Physical activity is difficult to assess in a reliable and valid way in large population-based studies. Questionnaires are often the only feasible method, although they are associated with bias and thereby inaccurate assessment of physical activity, which is likely to attenuate the associations studied [10]. Recalling physical activity is a highly complex cognitive task; social desirability may lead to over-reporting of physical activity [45], and simple questionnaires are often more reliable and valid than more complex ones [10]. Furthermore, commuting and leisure-time physical activity are affected by seasonal variation in Denmark. As our questionnaire asked for habitual physical activity level, we have not included seasonality in our analysis. Commuting physical activity is characterised by regularity during the working week and the amount of time spent is relatively easy to recall. Therefore, we believe that our assessment of commuting physical activity is quite unbiased. Leisure-time physical activity is more difficult to recall because of its unstructured and complex nature. However, individuals who are totally inactive in their leisure time or during commuting may find it easier to report inactivity compared with individuals who have a varying physical activity pattern. The imprecise assessment of leisure-time physical activity (>0 h/week) is likely to attenuate the associations and can explain why we did not observe a relationship between increasing levels of leisure-time physical activity and progression from i-IGT to diabetes. It has previously been shown that higher levels of leisure-time physical activity as well as commuting and occupational physical activity were associated with a lower risk of diabetes [43].

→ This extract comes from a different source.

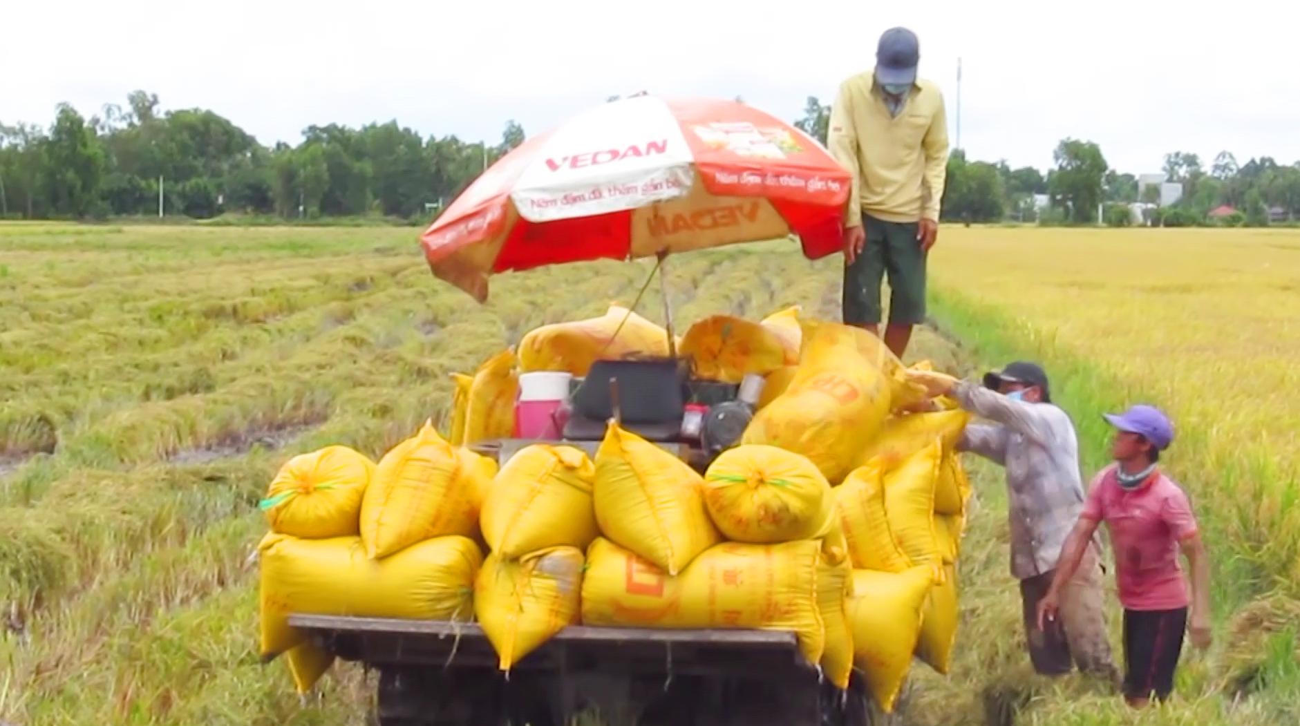 Do đi lại khó khăn vì dịch bênh, nên thương lái đi mua khiến giá lúa giảm. |

We believe that commuting and leisure-time physical activity affect the progression rates through the same physiological mechanisms. Nevertheless, from a public-health perspective it is relevant to divide physical activity into different types [43]. Benefits of different physical activities depend not only on the specific activity but also on the activity it displaces [46]. Lack of time is an important barrier for being physically active [47]. The Inter99 population comprised 30- to 60-year-old individuals, many with a busy working life and little spare time, and almost two-thirds (62.9%) of the participants spent <15 min/day on commuting physical activity or did not work. Therefore, some individuals might prefer activities that can be incorporated into daily living activities. Physical activity in transportation to and from work could be such an activity for some individuals, as some might find it less time-consuming and more convenient to be physically active during commuting than at leisure time [11]. We have shown that increased commuting and leisure-time physical activity in the population is likely to have a positive impact on the prevention of diabetes. Our findings indicate that public-health strategies aiming to reduce progression to diabetes by increasing physical activity may benefit from focusing on commuting physical activity besides leisure-time physical activity [11].

Intervention studies have demonstrated that lifestyle changes including increased physical activity can reduce the incidence of diabetes among individuals with IGT [13]. However, no trial evidence has been published on the effect of physical activity on progression from i-IFG to diabetes. Although we cannot exclude the possibility that the lack of a relationship between physical activity and progression to diabetes in the i-IFG group may be attributable to limited power, our findings suggest that there is a differential relationship between physical activity and progression to diabetes among those with i-IFG or i-IGT. Therefore, clinical trials testing the effect of physical activity on progression from i-IFG to diabetes are needed.